The People of the State of New York, Respondent, v Julio Rosario, Appellant.
[725 NYS2d 203]
[MAJORITY]
—Judgment, Supreme Court, Bronx County (Lawrence Tonetti, J.), rendered July 29, 1998, convicting defendant, after a jury trial, of criminal possession of a controlled substance in or near school grounds and criminal possession of a controlled substance in the third degree, and sentencing him to concurrent terms of 2 to 6 years and 1 to 3 years, unanimously affirmed.
The challenged portions of the People’s summation do not warrant reversal. The prosecutor did not make an actual “safe streets” argument, and the challenged comments were generally fair comment, on the evidence and reasonable inferences to be drawn therefrom, made in response to the defense summations (see, People v Overlee, 236 AD2d 133, lv denied 91 NY2d 976; People v D’Alessandro, 184 AD2d 114, 118-119, lv denied 81 NY2d 884).
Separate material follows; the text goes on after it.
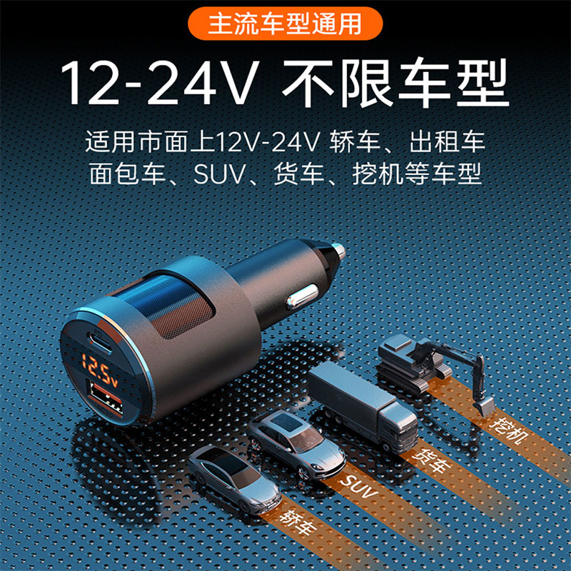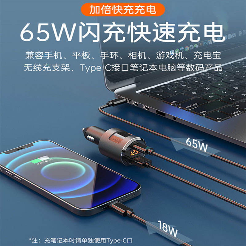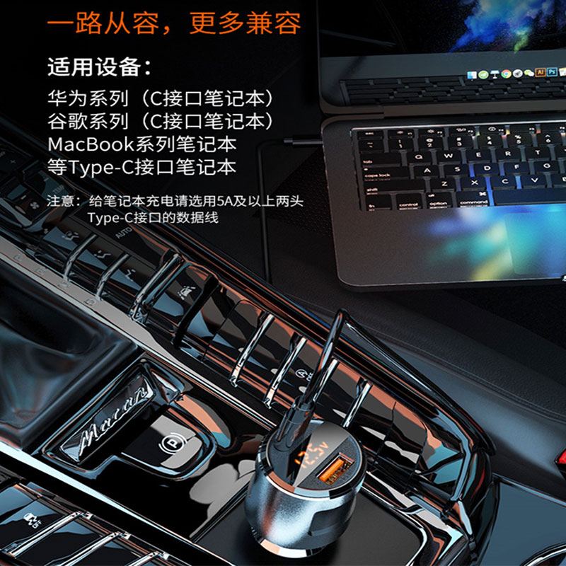 On-board charger One drag two PD cigarette lighter converter plug 65W mobile phone notebook Quick charge USB car charge

To the extent that the prosecutor, in a brief and isolated comment, mischaracterized the evidence, it did not rise to the level of depriving defendant of a fair trial.
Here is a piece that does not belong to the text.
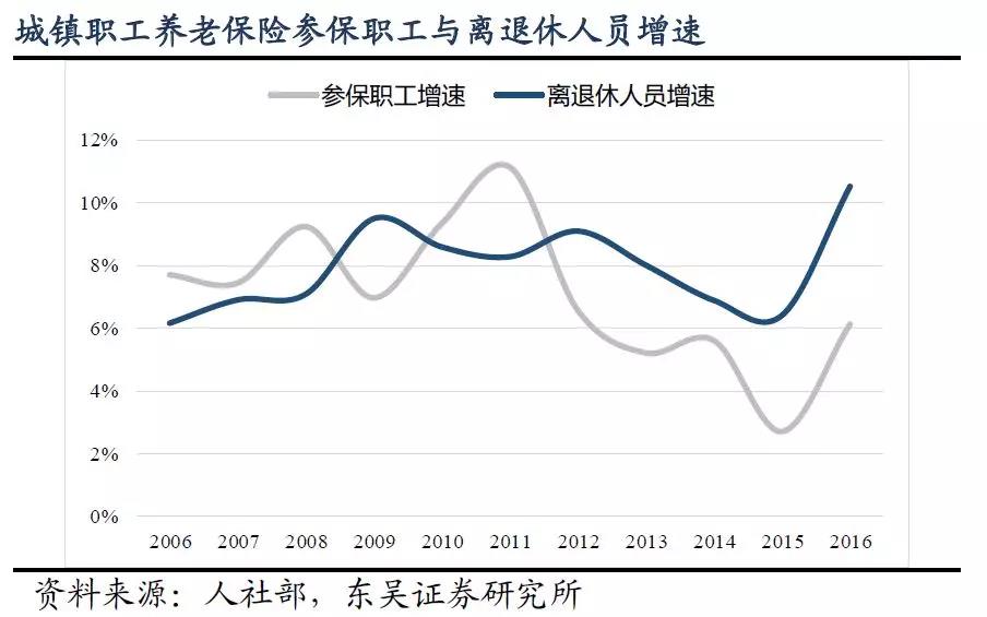 自 2012 年起,離退休 人員增速持續(xù)高于參保職工增速,未來人口老齡化加速將使基本養(yǎng)老保險(xiǎn) 的資金缺口進(jìn)一步擴(kuò)大。

Since defendant withdrew his challenge to the court’s jury instruction on acting in concert, that claim is unpreserved and we decline to review it in the interest of justice. Were we to review this claim, we would find that the instruction as a whole properly conveyed the element of intent as applicable to the facts presented (see, People v Kaplan, 76 NY2d 140, 144-145).
We have considered and rejected defendant’s remaining claims. Concur — Tom, J. P., Andrias, Ellerin, Wallach and Friedman, JJ.